__Task to carry out__: From the listing that follows, reproduce only the lines from the one holding "数字隔离器采用晶圆CMOS工" through the one holding "Безфосфатний гіпоалергенний гель", both included, with no pictures.
----- Source data
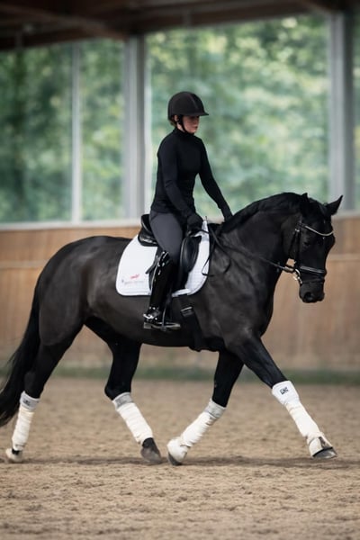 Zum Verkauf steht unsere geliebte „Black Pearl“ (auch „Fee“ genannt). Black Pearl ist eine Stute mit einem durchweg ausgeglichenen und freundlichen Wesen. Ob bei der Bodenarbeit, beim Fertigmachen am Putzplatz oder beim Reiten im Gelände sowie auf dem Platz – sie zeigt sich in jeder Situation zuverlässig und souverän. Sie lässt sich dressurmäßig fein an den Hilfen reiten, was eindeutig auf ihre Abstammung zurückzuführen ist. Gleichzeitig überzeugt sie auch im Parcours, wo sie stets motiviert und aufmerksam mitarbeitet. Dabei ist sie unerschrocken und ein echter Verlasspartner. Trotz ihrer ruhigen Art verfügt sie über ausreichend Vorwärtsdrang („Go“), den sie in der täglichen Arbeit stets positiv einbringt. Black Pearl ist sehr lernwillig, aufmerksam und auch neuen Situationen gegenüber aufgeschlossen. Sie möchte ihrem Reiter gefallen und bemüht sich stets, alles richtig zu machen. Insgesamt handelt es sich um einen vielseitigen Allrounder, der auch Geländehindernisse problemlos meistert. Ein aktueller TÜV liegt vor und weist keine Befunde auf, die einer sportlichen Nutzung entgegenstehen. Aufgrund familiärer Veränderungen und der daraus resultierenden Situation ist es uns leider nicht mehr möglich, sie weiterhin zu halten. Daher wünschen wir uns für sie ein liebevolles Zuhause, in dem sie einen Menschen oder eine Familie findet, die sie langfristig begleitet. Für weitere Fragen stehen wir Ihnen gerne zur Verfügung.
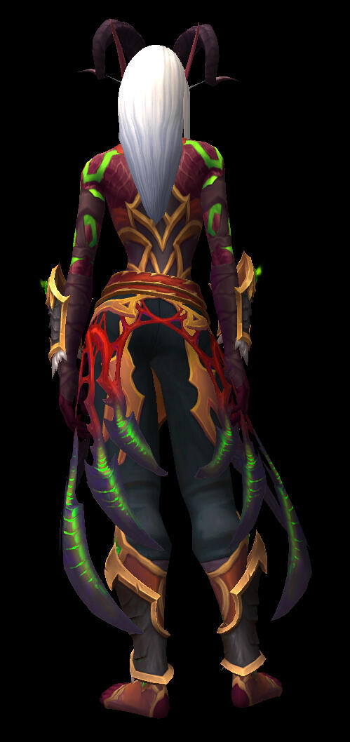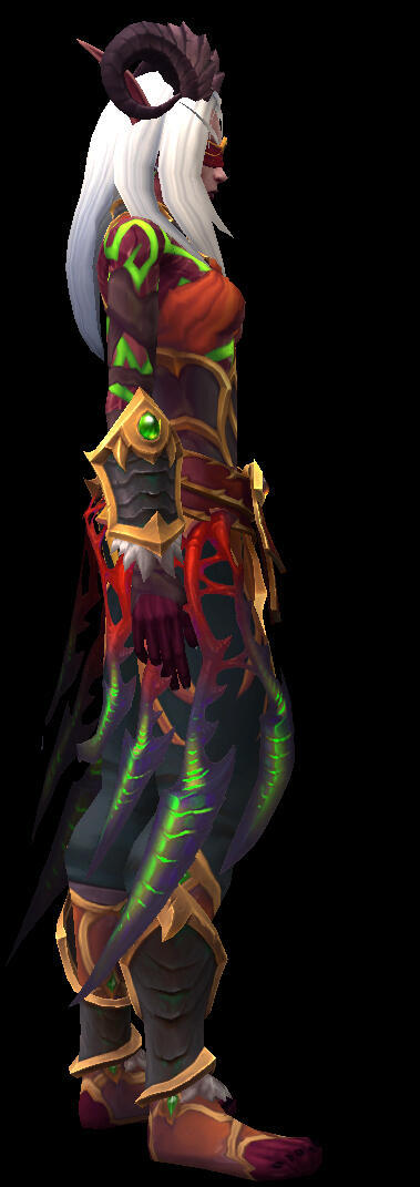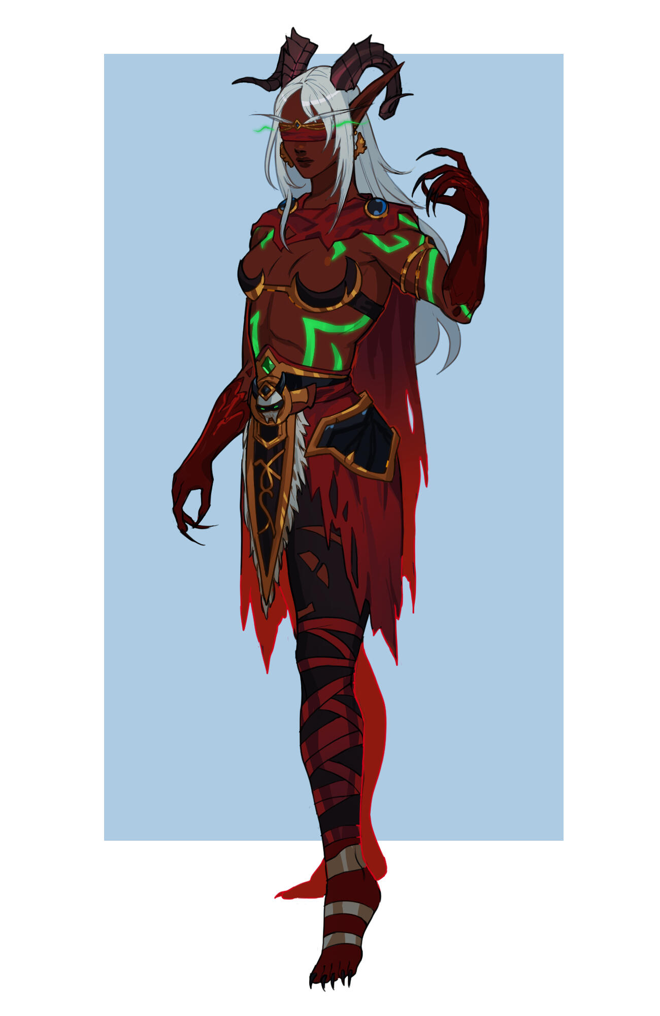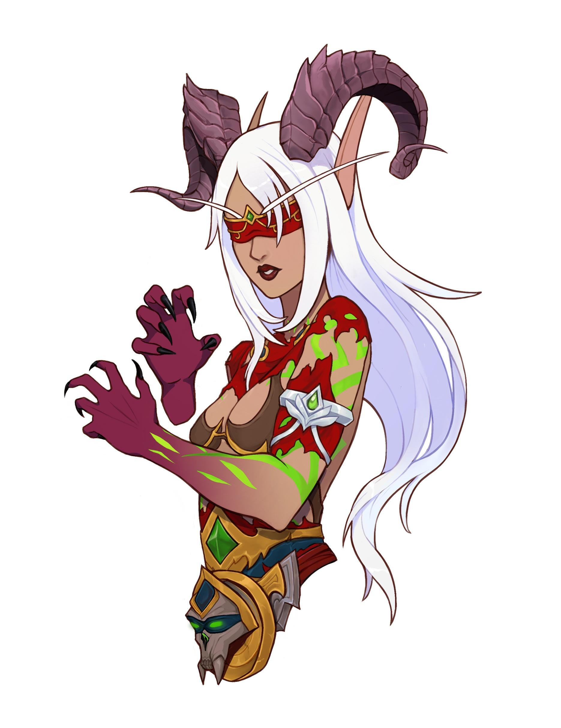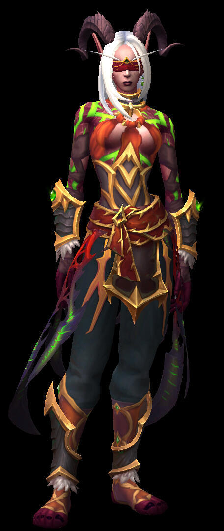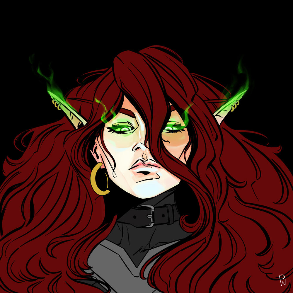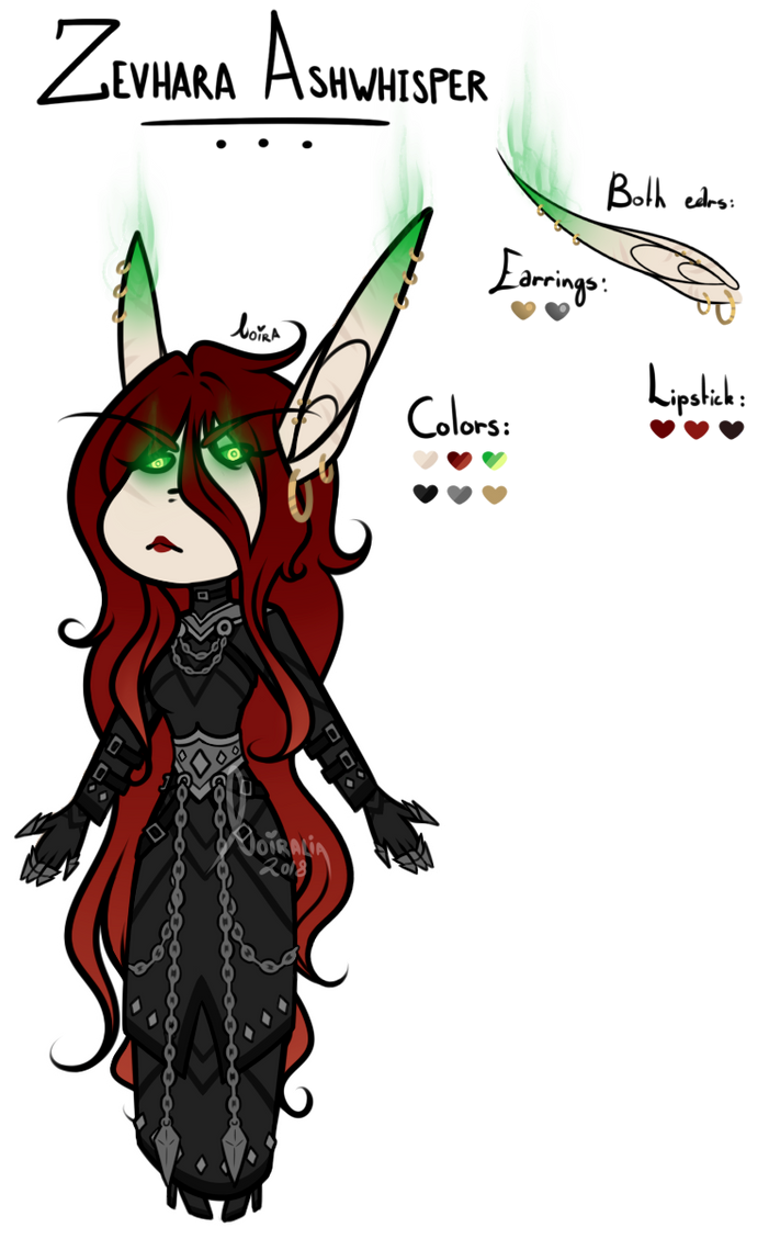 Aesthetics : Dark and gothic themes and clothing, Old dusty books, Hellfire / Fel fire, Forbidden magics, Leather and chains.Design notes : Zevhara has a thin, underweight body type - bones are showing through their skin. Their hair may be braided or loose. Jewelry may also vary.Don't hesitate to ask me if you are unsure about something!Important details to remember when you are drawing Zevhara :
----------
----- Source data
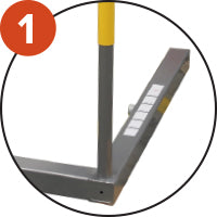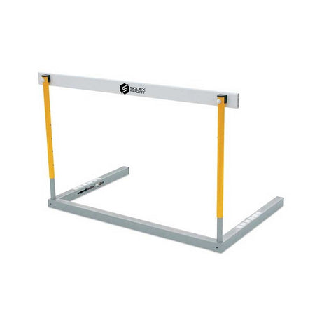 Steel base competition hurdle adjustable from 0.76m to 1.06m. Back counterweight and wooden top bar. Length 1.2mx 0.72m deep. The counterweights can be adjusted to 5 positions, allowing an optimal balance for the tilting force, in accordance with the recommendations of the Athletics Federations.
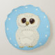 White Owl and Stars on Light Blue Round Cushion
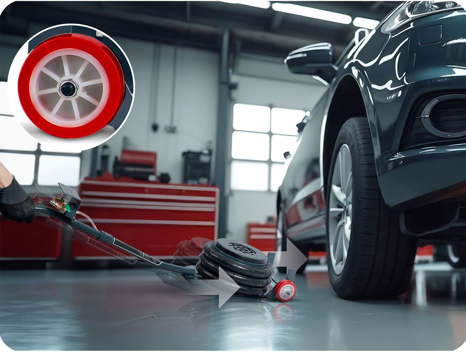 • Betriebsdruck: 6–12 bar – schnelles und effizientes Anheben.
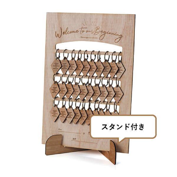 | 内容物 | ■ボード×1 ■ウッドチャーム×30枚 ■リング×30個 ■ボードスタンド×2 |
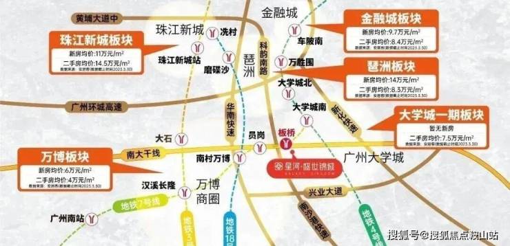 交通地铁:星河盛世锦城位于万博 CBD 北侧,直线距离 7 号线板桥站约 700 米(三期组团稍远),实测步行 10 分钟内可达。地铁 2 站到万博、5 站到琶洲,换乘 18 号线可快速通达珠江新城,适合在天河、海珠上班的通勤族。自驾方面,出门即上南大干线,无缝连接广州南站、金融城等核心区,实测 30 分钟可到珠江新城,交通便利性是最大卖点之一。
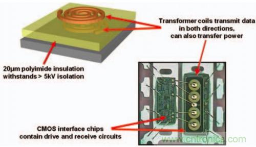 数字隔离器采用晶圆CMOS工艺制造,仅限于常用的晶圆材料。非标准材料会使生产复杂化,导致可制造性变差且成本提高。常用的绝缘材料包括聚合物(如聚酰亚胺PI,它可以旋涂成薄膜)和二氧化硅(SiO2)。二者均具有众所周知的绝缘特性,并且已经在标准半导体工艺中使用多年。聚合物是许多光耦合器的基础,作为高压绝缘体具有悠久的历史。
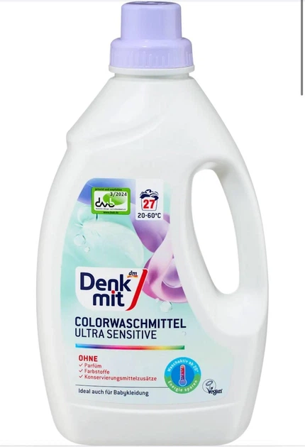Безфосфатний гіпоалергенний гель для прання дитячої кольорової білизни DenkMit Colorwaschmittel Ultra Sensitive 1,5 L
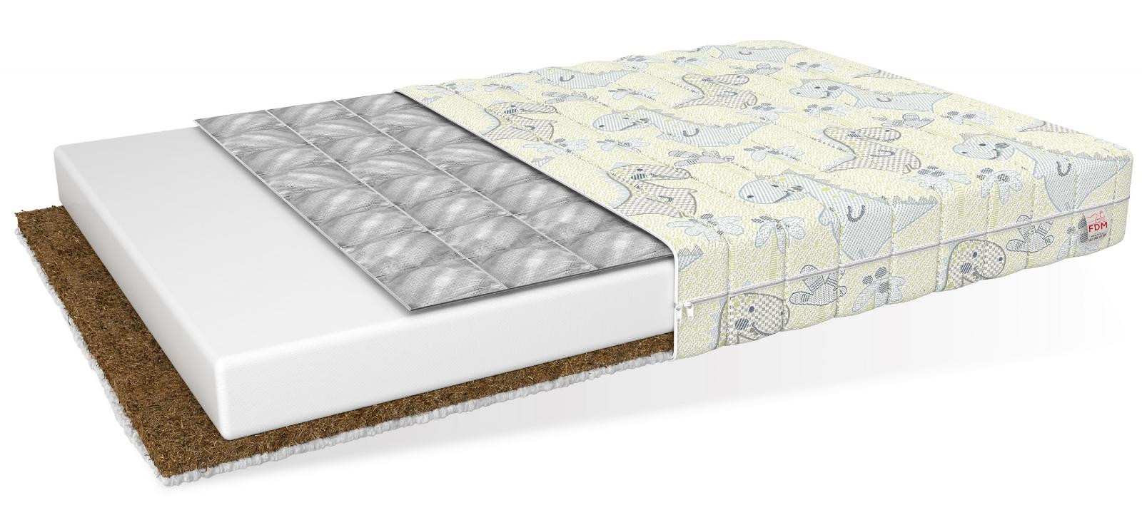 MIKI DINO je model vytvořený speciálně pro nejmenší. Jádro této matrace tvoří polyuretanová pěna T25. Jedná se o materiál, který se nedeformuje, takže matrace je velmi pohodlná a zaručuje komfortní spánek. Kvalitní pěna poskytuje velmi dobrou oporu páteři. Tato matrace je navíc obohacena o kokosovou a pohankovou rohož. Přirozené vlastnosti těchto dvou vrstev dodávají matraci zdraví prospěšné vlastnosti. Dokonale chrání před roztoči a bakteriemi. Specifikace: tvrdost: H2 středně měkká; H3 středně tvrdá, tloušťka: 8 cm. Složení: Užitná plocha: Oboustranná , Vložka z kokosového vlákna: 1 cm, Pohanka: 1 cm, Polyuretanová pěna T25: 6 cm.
----------
----- Source data
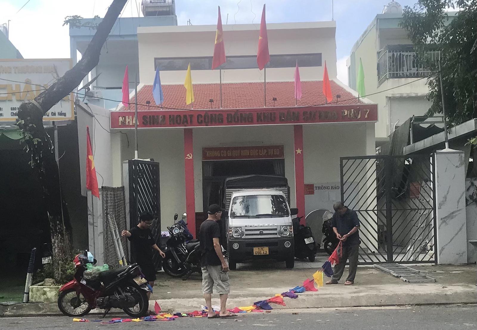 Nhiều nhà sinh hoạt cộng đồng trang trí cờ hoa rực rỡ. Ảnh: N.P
----------
__Exercise result__:
 数字隔离器采用晶圆CMOS工艺制造,仅限于常用的晶圆材料。非标准材料会使生产复杂化,导致可制造性变差且成本提高。常用的绝缘材料包括聚合物(如聚酰亚胺PI,它可以旋涂成薄膜)和二氧化硅(SiO2)。二者均具有众所周知的绝缘特性,并且已经在标准半导体工艺中使用多年。聚合物是许多光耦合器的基础,作为高压绝缘体具有悠久的历史。
Безфосфатний гіпоалергенний гель для прання дитячої кольорової білизни DenkMit Colorwaschmittel Ultra Sensitive 1,5 L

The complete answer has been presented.